Code Quality¶
The agent keeps slipping print() into production modules instead of using your logger, and bare except: clauses show up under deadline pressure. You want layered feedback: a fast advisory on every edit, a structural lint that finds patterns regex cannot, a behavioral nudge when the agent's narration starts repeating the antipattern, and a final LLM gate for ambiguous cases.
from __future__ import annotations
import ast
import re
from collections.abc import Iterator
from captain_hook import (
Allow,
Content,
Event,
InlineTests,
Input,
Signal,
Signals,
SourceEdits,
TestFile,
Warn,
hook,
lint,
llm_gate,
nudge,
)
PRINT_TESTS: InlineTests = {
Input(tool="Edit", file="src/app.py", content='import sys\nprint("debug")\n'): Warn(pattern="logger"),
Input(tool="Edit", file="src/app.py", content="logger.info('ok')\n"): Allow(),
}
hook(
Event.PostToolUse,
only_if=[SourceEdits(lang="py"), Content(r"^\s*print\(")],
skip_if=[TestFile()],
message="Use the project logger instead of print(). See docs/logging.md.",
tests=PRINT_TESTS,
)
def bare_excepts(node: ast.AST) -> Iterator[str]:
if isinstance(node, ast.ExceptHandler) and node.type is None:
yield f"line {node.lineno}: bare except"
lint(
bare_excepts,
message="Bare except clauses silently swallow errors: {violations}",
trigger="except",
)
nudge(
"You keep adding print()s after edits. Switch to logger.debug() and tail the log.",
signals=Signals(
patterns=[
Signal(pattern=r"print\(", weight=1, flags=re.MULTILINE),
Signal(pattern=r"debug[\s_-]print", weight=2, flags=re.IGNORECASE),
],
threshold=3,
window=8,
),
)
llm_gate(
"Does this diff add a print() that should be a logger call, where the surrounding "
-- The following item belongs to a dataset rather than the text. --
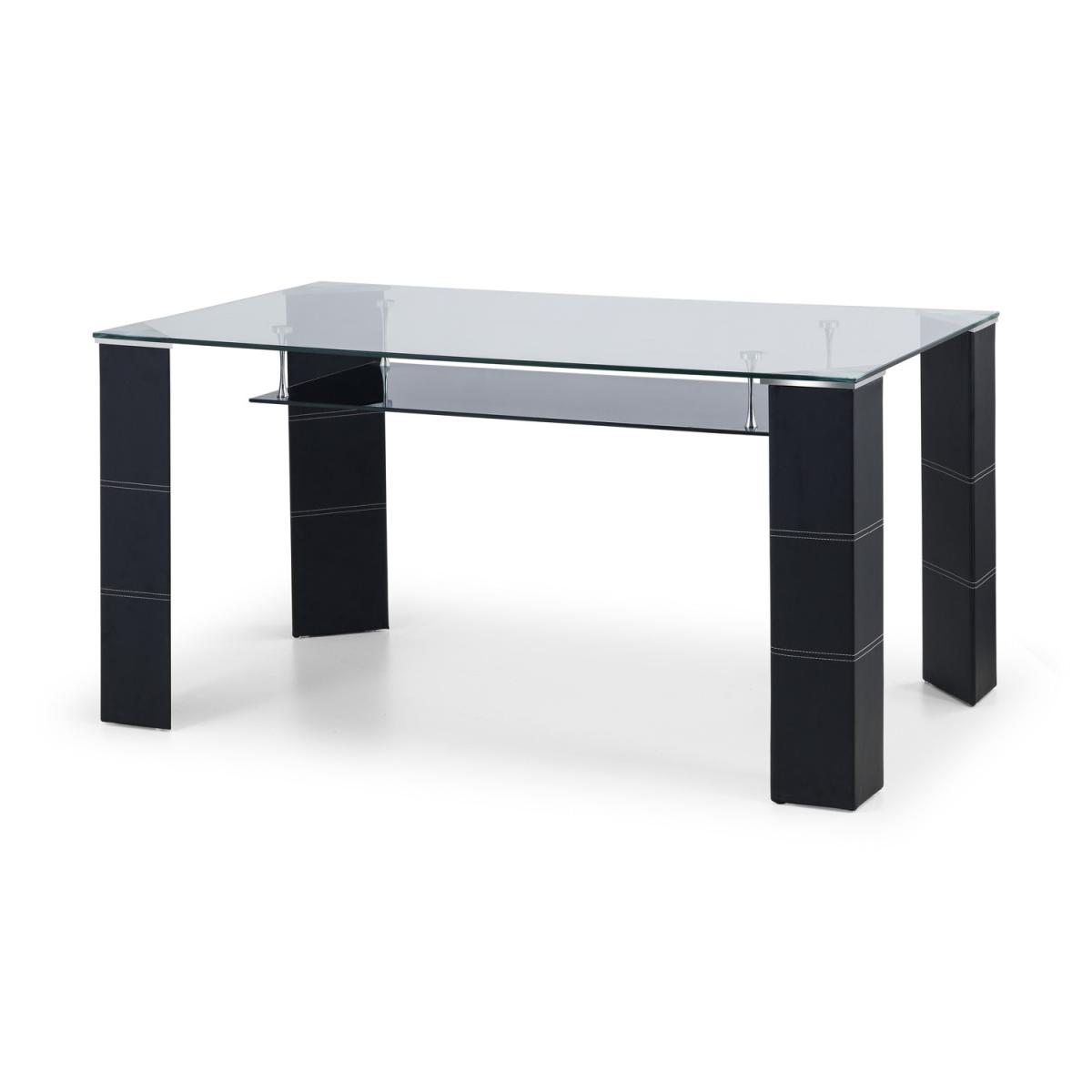 A great addition to your dining room, this sleek Greenwich Glass Dining Table features a 10mm clear tempered glass table top with black faux leather legs and chrome plated steel, ensuring lasting durability. A useful black glass under shelf is provided, allowing extra storage. Designed to comfortably seat 6 people, this creates a modern setting for your guests.

"module already imports a logger? Block only if the prod print is unambiguous.",
message=lambda r: f"Replace print() with logger: {r.reasoning}",
only_if=[SourceEdits(lang="py"), Content(r"^\s*print\(")],
skip_if=[TestFile()],
max_fires=2,
)
What to learn: The same problem expressed at four escalating tiers. hook(... Content(...)) is a fast regex check on the edit; lint(...) parses the file's AST so you can flag structures (bare except) that don't show up as plain text; nudge(... signals=...) watches transcript narration to catch the agent talking about the antipattern; llm_gate(...) lets a model adjudicate the ambiguous "is this really a prod print?" cases. Combine tiers when speed-vs-precision tradeoffs matter.